Medical tourism versus human rights

Volume 7 Number 1 January 10 - February 13 2011

If you enter the term ‘medical tourism’ into Google, more than 2.6 million hits appear. Yet despite this industry’s impressive growth, its social and economic impact on developing nations has been largely overlooked, according to PhD student Kristen Smith, who argues this reflects a global shift towards the privatisation and commercialisation of healthcare which has served to devalue the idea of health as a social or human right. Emma O’Neill reports.

Surgery isn’t a commonly listed cruise ship activity. However, hospital cruise ships – staffed with Indian healthcare professionals picking up intended ‘consumers’ and taking them into international waters in order to get past national regulations – is just one phenomenon to evolve from the complex and diverse growth of medical tourism.

Medical tourism refers to cross-border travel of individuals who are seeking biomedical and other health-related services, but according to Kristen Smith – a third-year PhD student in Social Health at the University of Melbourne who recently carried out fieldwork in Mumbai on the effects of this industry on the local community – medical tourism also refers to an evolving and complex industry encompassing strange practices and equally disturbing bioethical issues; and an industry which is having a major impact on the delivery of health services around the world.

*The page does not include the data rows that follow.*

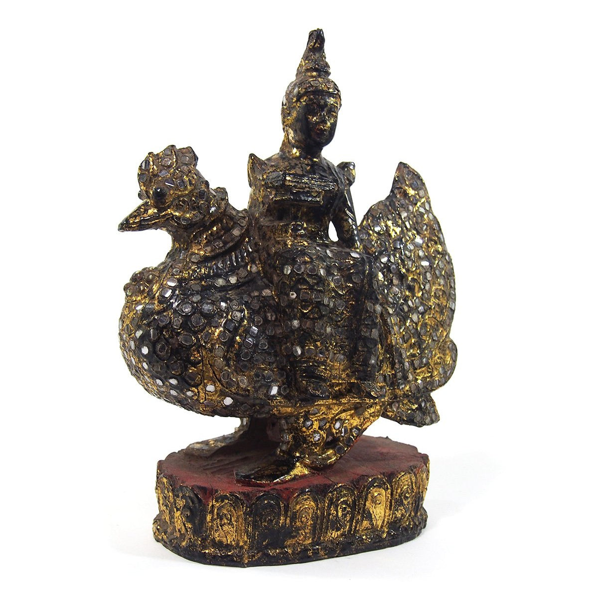 Saraswati Black Lacquer Golden Leaf Glass Mosaic Large Figure from Burma known as Thurathadi Dewi
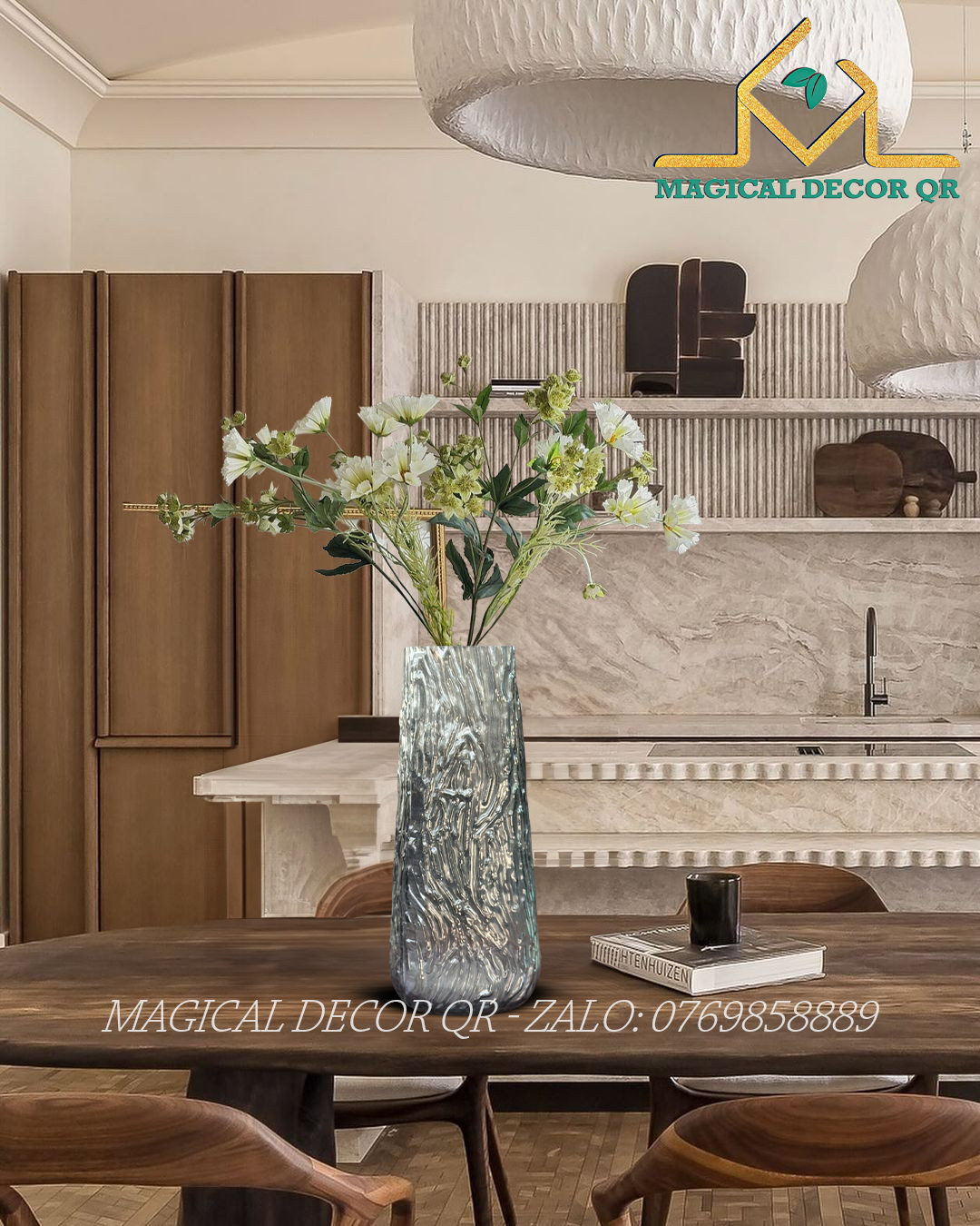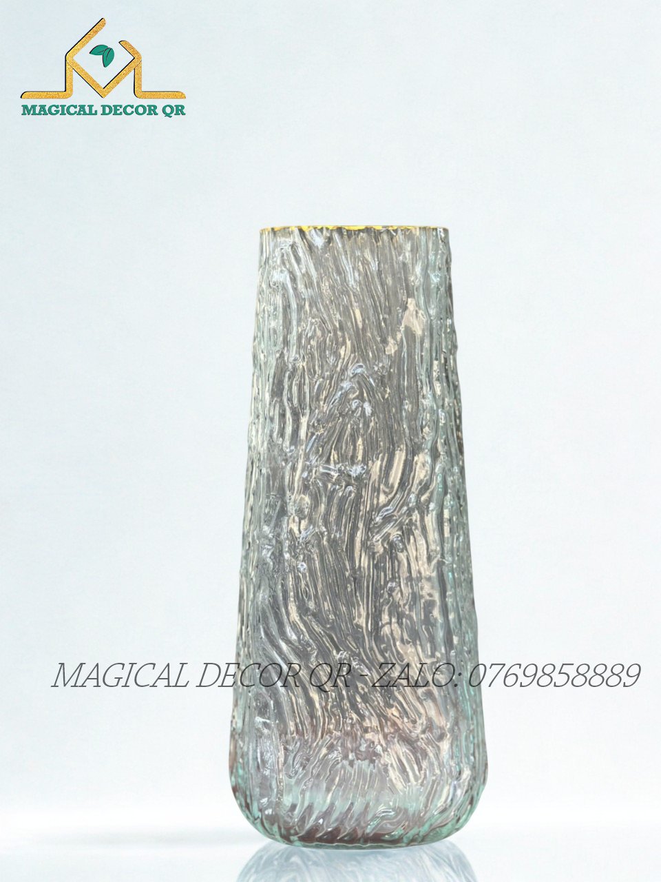 Bình thủy tinh nghệ thuật là sự giao thoa hoàn hảo giữa vẻ đẹp tự nhiên và tinh hoa thiết kế hiện đại. Với bề mặt họa tiết mô phỏng vân gỗ độc đáo, tạo hiệu ứng thị giác chân thực, sản phẩm mang lại cảm giác gần gũi mà vẫn toát lên nét thanh lịch, mới mẻ.
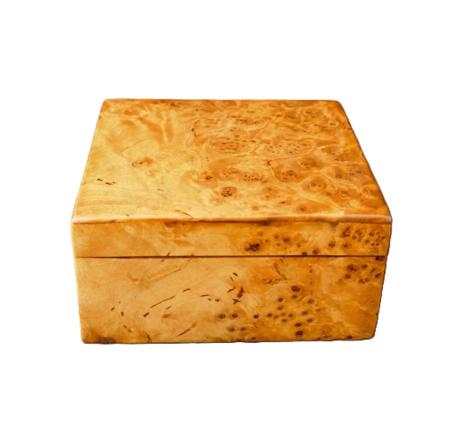 Vintage Siberian Elm Burl Wood Birdseye Jewelry Square Box, $90
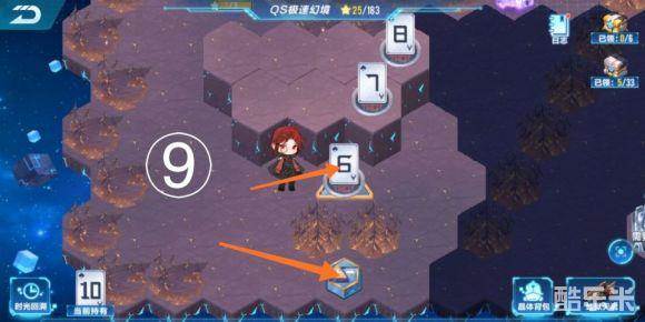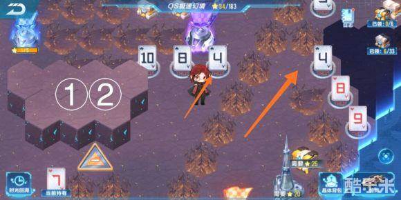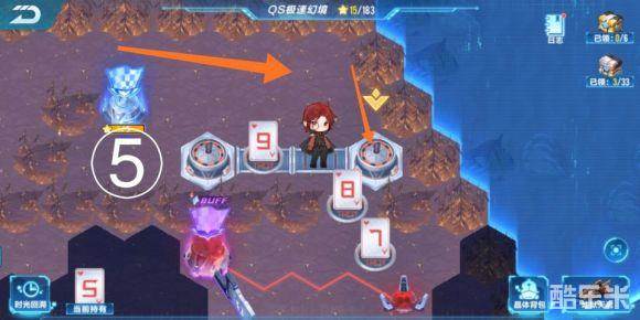 第七步:启动绿色升降装置,然后卡牌与黑桃6交换,道路会通畅,随后挑战箭头关卡。

During her fieldwork in Mumbai, Ms Smith found that outside the potential economic benefits of medical tourism, there was very little discussion about the impact of this evolving industry on the city.

“There are three key arguments that tend to say medical tourism is great for health systems, and they hinge on the idea that attracting foreign exchange into the country will increase export earnings, lower fiscal deficits, raise the standard of healthcare through competition, and increase the national income which will in turn allow greater equity as the population would be better able to afford private healthcare,” Ms Smith says.

“Sadly all of these arguments seem to be little more than economic rationalisations that are sorely out of line with the reality of the current situation, specifically in terms of the way medical tourism is highly likely to drive up costs of healthcare for the citizens of India both directly and indirectly.

“In countries such as India, the medical tourism industry is being developed as technologically advanced, and as one offering highly specialised health services. This acts to distort the healthcare priorities of a country still grappling with health issues such as high infant and maternal mortality, tuberculosis and malaria.”

Ms Smith also predicts that the cost of medical services for Mumbai residents will increase as a result of a predicted influx of medical tourists.

“The main issue at the moment is the current push by private hospitals in the region to gain national and international accreditations,” she says.

“These accreditations allow the hospitals to become competitive in a global market and attract international patients.

“In turn, this has driven up the prices of their services for patients, as many of the hospitals have to outlay large amounts of money to upgrade their facilities. Sadly, many of the people who had relied on the low-cost services provided by these hospitals can no longer afford the care offered, which forces them to rely on the overcrowded, low-quality services offered in the struggling, under-resourced public hospitals.”

Even another publicised benefit of medical tourism in India, that standards of private tertiary healthcare offered in the country will be raised across the board comes with a price, according to Ms Smith.

“As already mentioned, medical tourism will serve to drive up the costs for patients in the city, as price-setting in the Indian health system has been shown to occur within the private sector. It will also exacerbate the ‘brain-drain’ of high-quality healthcare specialists from the public system to the private system and away from rural areas to the cities and continue to place upward pressures on the commercialisation of healthcare in the country,” she says

However, a rich patient in Mumbai can access specific, high-quality care regardless of their nationality and be treated in a room with a flat screen television, sea views, access to gyms, swimming pools and a selection of a post-surgery recuperative five-star beach-side retreats, while the overwhelming majority of Mumbai’s 21 million people simply cannot afford a basic level of care. According to Ms Smith, this undersores an emerging global shift towards the privatisation and commercialisation of healthcare, which in turn has served to devalue the idea of health as a social or human right.

“The promotion of medical tourism also advances the view that medicine and healthcare can be treated in the same way as other goods and services traded on the open market. The unabashed use of the term ‘health consumer’ being merely one indication of this understanding, where health can be understood as a ‘thing’ to be consumed.

“Much of the privatisation of health systems in developing countries has been forced by the World Bank and the IMF through conditional lending arrangements. Sadly, international experience over the past century has shown that when healthcare services are commodified in this manner, the direct consequence is the creation of cycles of inequality within populations.”